A new kind of tombstone?

As Google’s convention-shattering IPO plans illustrate, issuers have the power to push the Street toward further automation of deals and lower capital costs.

Google’s upcoming initial public offering will be a high-water mark for the Internet in corporate capital-raising. The wildly popular Web search engine will require its 30 underwriting firms to accept bids online from institutional and individual investors and produce a clearing price at which all available shares will be sold. By moving price discovery from the underwriters to buyers and allowing a wider array of investors to participate, the so-called Dutch auction should maximize Google’s proceeds and limit its cost of raising capital.

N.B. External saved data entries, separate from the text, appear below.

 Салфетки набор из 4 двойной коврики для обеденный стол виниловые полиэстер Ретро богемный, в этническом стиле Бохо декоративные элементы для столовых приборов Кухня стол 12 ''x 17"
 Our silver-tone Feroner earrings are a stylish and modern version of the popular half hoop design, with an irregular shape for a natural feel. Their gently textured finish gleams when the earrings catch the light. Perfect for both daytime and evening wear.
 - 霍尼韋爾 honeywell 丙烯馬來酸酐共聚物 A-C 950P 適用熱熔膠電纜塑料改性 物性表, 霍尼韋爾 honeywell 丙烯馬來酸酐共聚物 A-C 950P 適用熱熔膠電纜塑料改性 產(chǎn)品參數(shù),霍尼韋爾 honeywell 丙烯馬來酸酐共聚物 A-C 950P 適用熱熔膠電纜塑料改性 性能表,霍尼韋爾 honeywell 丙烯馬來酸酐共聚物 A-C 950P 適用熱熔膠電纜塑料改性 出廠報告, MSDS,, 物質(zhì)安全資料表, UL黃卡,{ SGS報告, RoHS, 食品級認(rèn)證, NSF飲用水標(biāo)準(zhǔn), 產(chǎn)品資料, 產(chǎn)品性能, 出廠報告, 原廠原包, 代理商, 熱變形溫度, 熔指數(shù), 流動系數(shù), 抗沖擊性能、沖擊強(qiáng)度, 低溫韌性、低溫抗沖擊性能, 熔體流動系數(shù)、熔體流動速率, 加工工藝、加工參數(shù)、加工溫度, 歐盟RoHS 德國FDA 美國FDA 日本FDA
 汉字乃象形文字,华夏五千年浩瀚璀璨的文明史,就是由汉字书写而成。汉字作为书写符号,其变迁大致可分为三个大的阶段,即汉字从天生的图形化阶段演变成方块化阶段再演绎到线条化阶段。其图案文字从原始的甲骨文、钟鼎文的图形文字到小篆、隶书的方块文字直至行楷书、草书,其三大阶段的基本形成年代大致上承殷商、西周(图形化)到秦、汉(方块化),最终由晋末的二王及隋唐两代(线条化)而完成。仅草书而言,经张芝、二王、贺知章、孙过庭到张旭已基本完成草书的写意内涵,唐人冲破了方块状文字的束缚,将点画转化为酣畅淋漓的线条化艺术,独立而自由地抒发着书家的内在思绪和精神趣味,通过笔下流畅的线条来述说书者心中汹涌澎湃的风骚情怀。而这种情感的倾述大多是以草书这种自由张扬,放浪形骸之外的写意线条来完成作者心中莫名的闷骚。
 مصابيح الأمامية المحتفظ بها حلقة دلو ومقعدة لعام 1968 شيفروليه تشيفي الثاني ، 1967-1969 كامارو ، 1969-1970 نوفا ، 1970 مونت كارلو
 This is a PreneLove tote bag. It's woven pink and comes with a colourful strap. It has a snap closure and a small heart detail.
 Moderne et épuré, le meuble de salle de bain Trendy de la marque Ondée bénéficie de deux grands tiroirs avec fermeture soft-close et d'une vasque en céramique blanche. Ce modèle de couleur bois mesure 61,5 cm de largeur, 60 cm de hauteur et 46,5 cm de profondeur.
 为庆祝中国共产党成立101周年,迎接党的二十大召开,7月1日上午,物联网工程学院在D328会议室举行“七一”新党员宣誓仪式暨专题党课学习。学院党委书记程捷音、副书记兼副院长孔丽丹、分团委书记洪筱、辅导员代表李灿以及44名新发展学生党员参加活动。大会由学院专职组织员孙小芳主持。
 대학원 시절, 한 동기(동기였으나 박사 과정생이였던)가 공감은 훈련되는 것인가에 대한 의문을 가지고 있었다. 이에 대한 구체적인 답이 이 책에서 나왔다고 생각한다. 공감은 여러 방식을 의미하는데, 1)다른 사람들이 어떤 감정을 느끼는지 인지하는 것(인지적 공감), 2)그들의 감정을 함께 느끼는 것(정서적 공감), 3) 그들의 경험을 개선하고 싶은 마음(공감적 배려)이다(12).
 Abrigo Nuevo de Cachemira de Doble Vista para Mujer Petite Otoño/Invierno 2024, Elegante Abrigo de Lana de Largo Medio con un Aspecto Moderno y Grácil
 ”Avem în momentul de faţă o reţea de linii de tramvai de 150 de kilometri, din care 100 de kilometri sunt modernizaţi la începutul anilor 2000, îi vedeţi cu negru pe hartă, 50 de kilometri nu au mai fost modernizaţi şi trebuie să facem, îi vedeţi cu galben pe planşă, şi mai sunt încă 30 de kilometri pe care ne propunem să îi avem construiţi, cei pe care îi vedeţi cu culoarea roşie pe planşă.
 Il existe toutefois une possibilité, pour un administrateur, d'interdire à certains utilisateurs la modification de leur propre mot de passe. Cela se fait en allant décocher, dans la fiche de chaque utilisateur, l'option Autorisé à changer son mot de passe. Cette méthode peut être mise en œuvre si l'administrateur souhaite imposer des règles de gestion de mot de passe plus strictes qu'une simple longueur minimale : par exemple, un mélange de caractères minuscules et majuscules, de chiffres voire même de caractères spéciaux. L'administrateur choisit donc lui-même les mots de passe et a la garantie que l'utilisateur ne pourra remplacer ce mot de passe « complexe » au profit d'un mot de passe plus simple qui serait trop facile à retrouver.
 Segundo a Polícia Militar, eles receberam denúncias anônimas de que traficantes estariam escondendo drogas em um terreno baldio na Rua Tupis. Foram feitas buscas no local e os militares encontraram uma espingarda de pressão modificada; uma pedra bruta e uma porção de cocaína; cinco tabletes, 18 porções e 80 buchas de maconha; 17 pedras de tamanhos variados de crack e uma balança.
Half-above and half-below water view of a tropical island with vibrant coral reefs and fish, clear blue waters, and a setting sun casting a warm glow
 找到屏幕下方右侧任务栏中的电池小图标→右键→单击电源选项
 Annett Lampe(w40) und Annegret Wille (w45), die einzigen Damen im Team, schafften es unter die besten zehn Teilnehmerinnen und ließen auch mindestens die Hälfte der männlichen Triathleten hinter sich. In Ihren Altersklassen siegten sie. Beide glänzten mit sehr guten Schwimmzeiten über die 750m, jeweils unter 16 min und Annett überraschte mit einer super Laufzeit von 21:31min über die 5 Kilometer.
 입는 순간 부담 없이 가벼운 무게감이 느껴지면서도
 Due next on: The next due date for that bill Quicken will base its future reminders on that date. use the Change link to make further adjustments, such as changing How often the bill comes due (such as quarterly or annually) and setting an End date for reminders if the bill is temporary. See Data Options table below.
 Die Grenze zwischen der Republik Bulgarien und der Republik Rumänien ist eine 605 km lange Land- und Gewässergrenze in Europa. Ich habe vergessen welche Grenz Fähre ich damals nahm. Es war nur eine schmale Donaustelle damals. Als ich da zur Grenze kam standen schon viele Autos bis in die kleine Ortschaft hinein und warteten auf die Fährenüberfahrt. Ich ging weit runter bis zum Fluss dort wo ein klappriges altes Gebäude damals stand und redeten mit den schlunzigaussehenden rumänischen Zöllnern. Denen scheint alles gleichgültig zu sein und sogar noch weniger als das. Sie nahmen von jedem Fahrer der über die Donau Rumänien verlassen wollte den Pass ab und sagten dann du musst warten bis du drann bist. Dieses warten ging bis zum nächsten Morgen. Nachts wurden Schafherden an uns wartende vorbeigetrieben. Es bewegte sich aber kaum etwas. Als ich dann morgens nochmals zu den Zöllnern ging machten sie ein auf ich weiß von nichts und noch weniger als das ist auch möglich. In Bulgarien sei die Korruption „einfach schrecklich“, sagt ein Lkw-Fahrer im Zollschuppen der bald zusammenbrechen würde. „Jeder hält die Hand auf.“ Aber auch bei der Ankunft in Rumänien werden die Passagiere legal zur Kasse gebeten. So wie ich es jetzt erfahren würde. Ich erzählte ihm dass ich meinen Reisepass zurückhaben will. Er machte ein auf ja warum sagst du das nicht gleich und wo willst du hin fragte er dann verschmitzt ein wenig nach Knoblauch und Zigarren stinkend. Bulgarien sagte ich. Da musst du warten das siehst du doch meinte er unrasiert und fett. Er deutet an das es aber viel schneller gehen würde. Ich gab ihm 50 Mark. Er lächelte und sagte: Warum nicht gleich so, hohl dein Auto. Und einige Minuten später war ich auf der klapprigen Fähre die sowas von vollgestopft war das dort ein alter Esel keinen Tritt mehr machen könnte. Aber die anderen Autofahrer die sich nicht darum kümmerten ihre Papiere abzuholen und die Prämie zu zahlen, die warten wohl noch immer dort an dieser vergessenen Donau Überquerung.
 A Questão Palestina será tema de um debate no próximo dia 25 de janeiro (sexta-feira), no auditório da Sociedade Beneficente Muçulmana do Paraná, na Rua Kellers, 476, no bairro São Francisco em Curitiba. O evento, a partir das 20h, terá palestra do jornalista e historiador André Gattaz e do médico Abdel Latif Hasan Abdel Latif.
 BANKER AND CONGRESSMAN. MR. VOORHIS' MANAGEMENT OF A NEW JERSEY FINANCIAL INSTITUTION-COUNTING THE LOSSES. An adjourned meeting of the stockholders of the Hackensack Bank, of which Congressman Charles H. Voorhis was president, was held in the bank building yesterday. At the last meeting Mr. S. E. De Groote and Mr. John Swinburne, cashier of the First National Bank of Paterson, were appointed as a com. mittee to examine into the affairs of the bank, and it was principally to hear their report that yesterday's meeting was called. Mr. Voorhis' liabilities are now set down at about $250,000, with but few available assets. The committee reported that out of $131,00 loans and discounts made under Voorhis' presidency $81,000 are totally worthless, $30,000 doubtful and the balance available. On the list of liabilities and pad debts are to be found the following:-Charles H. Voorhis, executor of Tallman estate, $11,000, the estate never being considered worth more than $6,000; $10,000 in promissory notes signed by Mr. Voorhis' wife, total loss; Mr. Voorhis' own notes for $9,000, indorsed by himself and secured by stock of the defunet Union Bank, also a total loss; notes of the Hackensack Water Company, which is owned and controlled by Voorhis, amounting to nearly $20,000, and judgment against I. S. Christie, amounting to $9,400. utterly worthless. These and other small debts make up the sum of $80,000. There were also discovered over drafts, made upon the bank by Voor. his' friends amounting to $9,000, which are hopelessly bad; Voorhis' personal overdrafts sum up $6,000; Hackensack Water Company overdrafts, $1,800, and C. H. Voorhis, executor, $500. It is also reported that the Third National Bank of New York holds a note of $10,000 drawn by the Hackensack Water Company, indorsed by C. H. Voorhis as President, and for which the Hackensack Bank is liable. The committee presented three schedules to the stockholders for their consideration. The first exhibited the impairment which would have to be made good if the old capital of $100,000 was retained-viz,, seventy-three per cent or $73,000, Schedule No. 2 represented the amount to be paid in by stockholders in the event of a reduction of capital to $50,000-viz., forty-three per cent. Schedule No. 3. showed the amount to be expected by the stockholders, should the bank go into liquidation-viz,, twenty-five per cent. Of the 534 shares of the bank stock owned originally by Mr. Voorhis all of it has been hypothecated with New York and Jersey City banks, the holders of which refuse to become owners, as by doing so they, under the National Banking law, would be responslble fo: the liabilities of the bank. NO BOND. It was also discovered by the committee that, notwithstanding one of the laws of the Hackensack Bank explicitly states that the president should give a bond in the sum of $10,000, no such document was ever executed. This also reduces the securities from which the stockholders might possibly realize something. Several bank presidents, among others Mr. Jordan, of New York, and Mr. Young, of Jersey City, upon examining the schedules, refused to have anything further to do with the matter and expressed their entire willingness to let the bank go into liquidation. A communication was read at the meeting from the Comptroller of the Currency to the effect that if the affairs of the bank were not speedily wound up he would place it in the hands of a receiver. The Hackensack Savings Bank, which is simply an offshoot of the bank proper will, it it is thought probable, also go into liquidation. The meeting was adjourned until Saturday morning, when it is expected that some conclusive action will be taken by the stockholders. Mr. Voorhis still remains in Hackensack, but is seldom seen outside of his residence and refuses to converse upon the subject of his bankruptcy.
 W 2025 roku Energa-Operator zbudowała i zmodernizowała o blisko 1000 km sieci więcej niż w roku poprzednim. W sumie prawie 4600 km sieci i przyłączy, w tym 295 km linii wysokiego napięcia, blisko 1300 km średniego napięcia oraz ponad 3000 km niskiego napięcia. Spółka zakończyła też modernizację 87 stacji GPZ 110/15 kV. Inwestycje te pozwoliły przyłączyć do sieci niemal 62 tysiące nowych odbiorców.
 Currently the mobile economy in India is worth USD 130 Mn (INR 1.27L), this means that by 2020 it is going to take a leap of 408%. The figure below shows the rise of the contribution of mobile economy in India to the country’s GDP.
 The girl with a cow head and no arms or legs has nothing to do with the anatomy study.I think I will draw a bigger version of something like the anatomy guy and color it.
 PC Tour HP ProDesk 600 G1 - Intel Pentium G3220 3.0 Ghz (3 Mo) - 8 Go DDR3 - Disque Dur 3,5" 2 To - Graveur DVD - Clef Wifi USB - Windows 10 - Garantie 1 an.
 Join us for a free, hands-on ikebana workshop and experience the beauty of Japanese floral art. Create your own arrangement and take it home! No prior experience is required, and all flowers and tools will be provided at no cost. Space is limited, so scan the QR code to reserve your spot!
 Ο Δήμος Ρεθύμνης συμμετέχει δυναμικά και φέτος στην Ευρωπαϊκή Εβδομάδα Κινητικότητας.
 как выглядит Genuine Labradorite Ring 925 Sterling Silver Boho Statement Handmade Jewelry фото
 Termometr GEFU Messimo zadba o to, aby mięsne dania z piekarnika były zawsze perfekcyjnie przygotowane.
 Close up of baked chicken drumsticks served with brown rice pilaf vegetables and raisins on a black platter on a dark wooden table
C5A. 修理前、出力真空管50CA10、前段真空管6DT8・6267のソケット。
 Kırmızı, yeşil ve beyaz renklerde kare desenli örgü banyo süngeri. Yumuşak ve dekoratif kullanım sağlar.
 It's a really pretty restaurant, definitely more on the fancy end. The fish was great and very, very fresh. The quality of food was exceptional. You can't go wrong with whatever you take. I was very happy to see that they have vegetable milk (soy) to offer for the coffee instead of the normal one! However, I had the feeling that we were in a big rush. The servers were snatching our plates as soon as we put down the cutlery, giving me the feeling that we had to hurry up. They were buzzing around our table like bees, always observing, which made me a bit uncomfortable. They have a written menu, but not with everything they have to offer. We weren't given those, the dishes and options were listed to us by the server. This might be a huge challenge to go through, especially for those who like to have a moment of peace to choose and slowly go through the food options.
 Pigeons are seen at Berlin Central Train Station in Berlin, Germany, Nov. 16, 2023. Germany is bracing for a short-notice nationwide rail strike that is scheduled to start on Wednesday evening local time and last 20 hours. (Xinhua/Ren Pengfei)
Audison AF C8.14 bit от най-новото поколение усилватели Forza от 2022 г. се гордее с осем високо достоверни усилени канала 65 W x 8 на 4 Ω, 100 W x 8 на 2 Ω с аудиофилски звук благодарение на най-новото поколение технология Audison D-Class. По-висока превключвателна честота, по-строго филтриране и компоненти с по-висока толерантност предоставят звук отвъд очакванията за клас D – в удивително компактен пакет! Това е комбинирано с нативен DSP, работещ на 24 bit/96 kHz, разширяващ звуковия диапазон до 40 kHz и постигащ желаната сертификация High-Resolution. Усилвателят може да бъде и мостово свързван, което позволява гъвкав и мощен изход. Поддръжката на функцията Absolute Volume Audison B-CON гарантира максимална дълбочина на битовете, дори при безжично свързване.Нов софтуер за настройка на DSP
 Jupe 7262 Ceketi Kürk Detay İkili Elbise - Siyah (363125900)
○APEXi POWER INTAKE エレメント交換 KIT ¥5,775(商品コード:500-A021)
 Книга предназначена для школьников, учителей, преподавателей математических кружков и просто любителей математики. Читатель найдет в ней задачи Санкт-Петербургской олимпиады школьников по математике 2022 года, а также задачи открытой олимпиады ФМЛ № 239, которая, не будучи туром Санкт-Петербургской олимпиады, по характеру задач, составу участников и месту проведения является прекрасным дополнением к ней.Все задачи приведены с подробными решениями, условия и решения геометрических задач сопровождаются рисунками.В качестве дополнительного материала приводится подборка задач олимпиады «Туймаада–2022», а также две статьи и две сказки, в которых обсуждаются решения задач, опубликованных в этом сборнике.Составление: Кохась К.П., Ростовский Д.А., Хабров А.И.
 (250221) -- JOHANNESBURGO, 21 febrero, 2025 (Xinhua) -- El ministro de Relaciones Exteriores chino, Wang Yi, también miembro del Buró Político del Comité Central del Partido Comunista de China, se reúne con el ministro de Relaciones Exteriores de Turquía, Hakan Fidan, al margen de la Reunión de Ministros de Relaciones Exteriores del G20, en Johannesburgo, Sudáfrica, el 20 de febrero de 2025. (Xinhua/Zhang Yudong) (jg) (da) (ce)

It’s no wonder, then, that everyone’s going gaga for Google. But Internet technology has been penetrating securities underwriting to a greater degree than many investors realize.

For starters, there already have been several other online equity deals. San Francisco investment bank WR Hambrecht & Co. conducted the first online Dutch auction IPO five years ago, for Ravenswood Winery. (The company’s shares climbed 67 percent in two years before Constellation Brands acquired it at a 181 percent premium to its IPO price.) When the tech-stock bubble burst soon after, demand slackened. But as the IPO market continues to revive, more companies have been conducting Internet auctions, including online retailer RedEnvelope in September and biotechnology concern Genitope Corp. in October (see table). Both issues have declined thus far in the aftermarket. Overstock.com, a liquidation retailer, did the first online follow-on stock offering in May through Hambrecht, which also will be among Google’s underwriters.

Bond underwriting has gone online to a much greater degree. Pittsburgh-based Grant Street Group, operator of a site called MuniAuction, has raised more than $3.3 trillion in about 5,500 auctions for state and local governments since 1997. And blue-chip corporations such as DaimlerChrysler, Dow Chemical Co. and General Electric Co. conduct ongoing Web offerings of medium-term notes to individual investors, using technology developed by Chicago-based Incapital.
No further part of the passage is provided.